Does duck-hunting season start too early?
Oklahoma is allowed 74 days of duck hunting. But Ducks are arriving in Oklahoma later and later each year, often in the first week of December when the hunting season is closed.
David Robertson of Poteau thinks duck season in Oklahoma should start later and run uninterrupted without a split.
A biologist for the Oklahoma Department of Wildlife Conservation whose primary focus was waterfowl management, Robertson never could get his supervisors to agree with him before his retirement in 2014.
He still hasn’t changed his mind. Ducks are arriving in Oklahoma later and later each year, Robertson contends, often in the first week of December when the hunting season is closed.
“I don’t like to see us lose (good duck hunting) days,” said Robertson, who spent the majority of his 41 years working for the Wildlife Department at the Wister Wildlife Management Area.
“Duck hunting is very expensive. I don’t feel like we are maximizing our days. At Wister, for example, we start getting ducks in reasonable numbers right before Thanksgiving. We will have ducks the first of December most of the time.
“We will have ducks a whole lot more the first week of December during the split than we will the first two or three weeks of November.” Oklahoma is allowed 74 days of duck hunting by the U.S. Fish and Wildlife Service, and the Wildlife Department chooses when those will be.

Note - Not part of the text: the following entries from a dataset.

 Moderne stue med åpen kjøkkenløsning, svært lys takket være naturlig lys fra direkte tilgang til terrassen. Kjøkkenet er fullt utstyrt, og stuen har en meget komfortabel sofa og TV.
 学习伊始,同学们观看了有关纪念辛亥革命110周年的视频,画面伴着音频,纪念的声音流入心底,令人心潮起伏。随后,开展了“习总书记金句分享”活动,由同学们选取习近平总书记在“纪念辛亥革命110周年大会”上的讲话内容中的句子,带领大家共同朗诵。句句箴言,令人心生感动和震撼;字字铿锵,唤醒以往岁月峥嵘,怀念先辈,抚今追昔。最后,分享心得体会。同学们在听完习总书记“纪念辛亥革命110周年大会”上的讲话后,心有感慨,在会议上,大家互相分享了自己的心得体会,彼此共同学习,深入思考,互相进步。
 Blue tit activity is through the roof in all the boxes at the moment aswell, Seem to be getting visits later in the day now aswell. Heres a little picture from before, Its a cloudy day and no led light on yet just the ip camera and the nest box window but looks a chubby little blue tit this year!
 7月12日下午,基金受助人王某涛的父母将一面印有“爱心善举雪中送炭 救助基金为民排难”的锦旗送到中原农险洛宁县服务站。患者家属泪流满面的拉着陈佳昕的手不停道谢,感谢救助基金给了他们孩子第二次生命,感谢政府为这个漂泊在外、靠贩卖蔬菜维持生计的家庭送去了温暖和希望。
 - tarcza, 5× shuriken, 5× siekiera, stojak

Oklahoma has different season dates for different parts of the state: In the Panhandle; duck hunting zone one (northwest and north-central Oklahoma); and duck hunting zone two (eastern and southern Oklahoma), which is the largest zone in the state.
For more than 20 years, the Wildlife Department has opted to open the duck season in early November in duck hunting zone two, then close it for nearly two weeks before reopening it in December.

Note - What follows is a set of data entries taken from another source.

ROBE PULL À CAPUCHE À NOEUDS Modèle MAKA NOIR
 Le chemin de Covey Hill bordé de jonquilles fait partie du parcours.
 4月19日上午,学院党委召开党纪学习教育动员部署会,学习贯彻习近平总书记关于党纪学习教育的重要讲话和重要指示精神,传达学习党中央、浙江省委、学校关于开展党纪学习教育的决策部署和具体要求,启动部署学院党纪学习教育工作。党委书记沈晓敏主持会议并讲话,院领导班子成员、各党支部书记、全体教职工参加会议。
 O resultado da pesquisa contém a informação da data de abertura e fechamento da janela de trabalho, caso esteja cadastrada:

This year, duck season opens in zone one on Oct. 28 and in zone two on Nov. 4. The seasons run uninterrupted in both zones through Nov. 26 before closing and reopening Dec. 9.
Robertson is not the only Oklahoma duck hunter who questions such an early start to the waterfowl season when the weather often is still warm and few ducks have migrated this far south.
“The first two weeks to three weeks (of the duck season) are just a waste,” said Jeff Puckett, an avid duck hunter from Norman. “There are no ducks here. It’s hot. There are hardly any geese here until Thanksgiving. I would rather have no split and start it later.”
Josh Richardson, migratory bird biologist for the Oklahoma Department of Wildlife Conservation, said while it does seem like most mallards are arriving in Oklahoma later each year, there is no unbiased documented proof of it.
“There has not been what I consider a good scientific study to say or demonstrate that,” he said.
Richardson concedes that mallards are king when it comes to Oklahoma duck hunting. But even so, there are Oklahomans who enjoy waterfowl hunting in November and getting the chance to shoot ducks other than greenheads.
Gadwalls, shovelers, pintails and redheads are ducks that migrate south based more on the time of year than on weather, he said.
“They are basing (migration) more off of daylight length which coincides more with the calendar,” Richardson said. “These calendar birds generally come through the last week of October.
“There are a lot of duck
hunters out there who are really not any flavor of duck hunter. They just want to get out there and shoot some ducks. That late October early November time period is a good chance for them to get out and be able to start shooting some birds. We want to make sure to have the season open early enough to catch those birds.”
Also, the Wildlife Department likes having a split season to have a second opening day.
“By having a split, you basically get two opening day experiences,” Richardson said. “It gets people excited.”
Having a break during the hunting season also gives the birds a respite and allows them to feed and refuel, he said.
Richardson said ducks do arrive in southeast Oklahoma later than anywhere else in the state. The Wildlife Department would start the duck season later
in southern Oklahoma “if we could put together three or four or five different (hunting) zones and try to make a perfect match for everybody.” But the agency is trying to keep the duck hunting regulations as simple as possible, and adding another duck hunting zone would “just double your complaints again,” he said. “We just try to walk a tightrope in the middle and mitigate the complaints as we go along.”
Robertson, however, thinks there is a trend in migration patterns that warrants the agency to re-examine its waterfowl seasons. Other wildlife biologists in the Central Flyway have noticed it as well, he said.
Starting the waterfowl season later in Oklahoma would give hunters more opportunity for success, he said.
“There are just too many signals that things are changing,” he said.
Oklahoma’s waterfowl hunting season is nearing with the first youth only waterfowl hunting day scheduled for Sept. 30.